Where the line containing "Introduce a hint" appears below, start there and repeat each line exactly to the end. Leave the pictures out.

■ Dataset extract
>>>

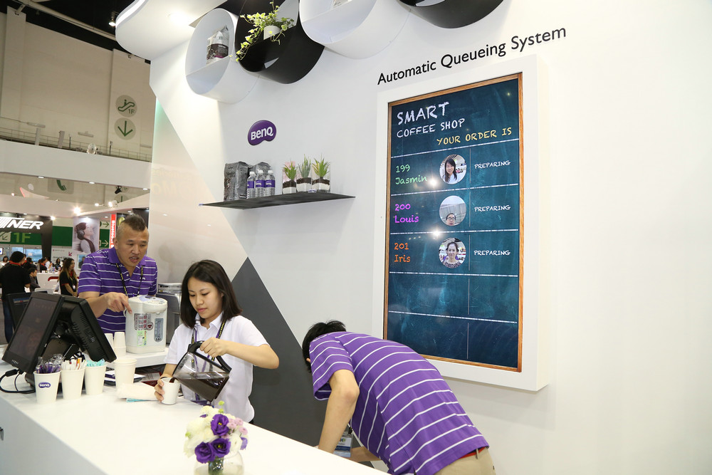 在Computex 2016上,明基BenQ以“智慧社區”為主題,展示了更為深入的未來生活各方面的商用智能解決方案,并且強調“物聯網、云端運算及大數據”的整合運用。 “智慧零售”強調的是通過將銷售時點情報(POS)系統、監控設備及商店管理系統(SMS)進行整合,從而提供足夠的便利性;“智慧制造”通過結合搬運、倉儲、環安及物聯網監控,滿足未來工廠的需求;“智慧健身房”通過將穿戴設備、物聯網及云端運算進行整合,為團體健身情境提供更多可能;“智慧教育”則是通過串聯課前中后軟件及硬件,為未來的教室打造新樣貌。
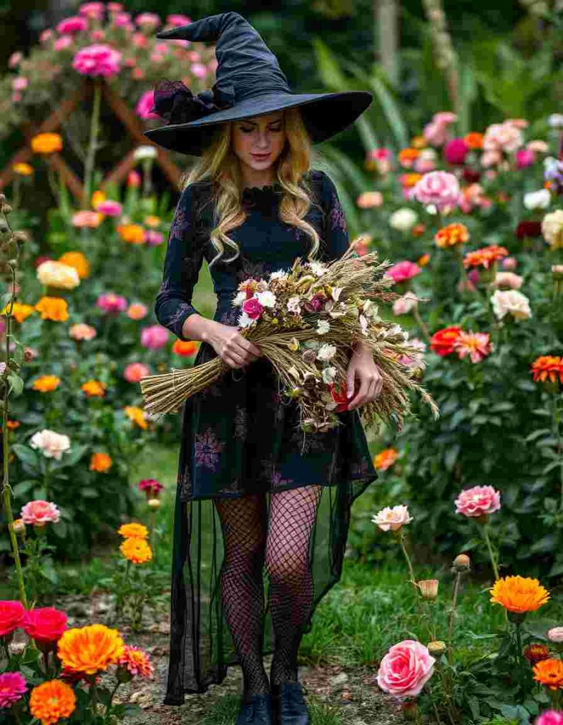 Introduce a hint of nature to the witch attire aesthetic with a black floral gown and sheer lace tights. A bunch of dried blooms completes this appearance, perfect for individuals who merge floral elegance with the mystical charm of witchcraft.
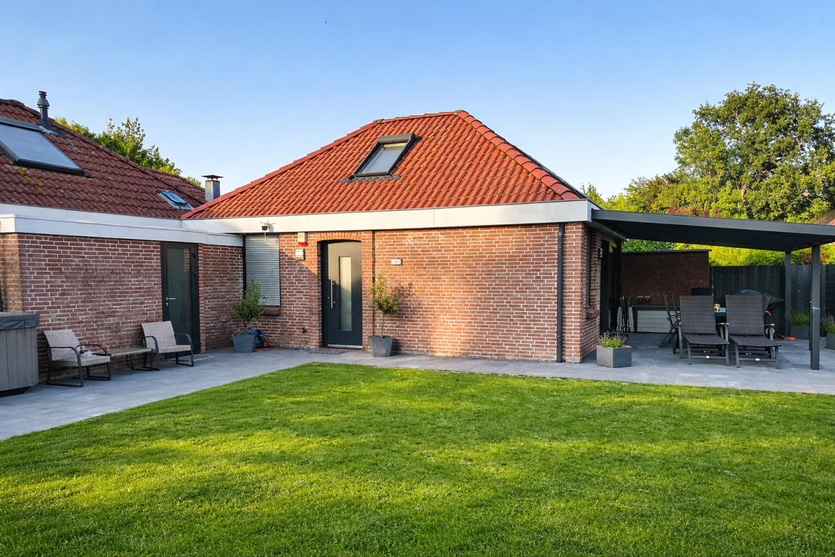 Ansicht Ferienhaus 12b mit eingezäuntem Garten

<<<

■ Exercise response
 Introduce a hint of nature to the witch attire aesthetic with a black floral gown and sheer lace tights. A bunch of dried blooms completes this appearance, perfect for individuals who merge floral elegance with the mystical charm of witchcraft.
 Ansicht Ferienhaus 12b mit eingezäuntem Garten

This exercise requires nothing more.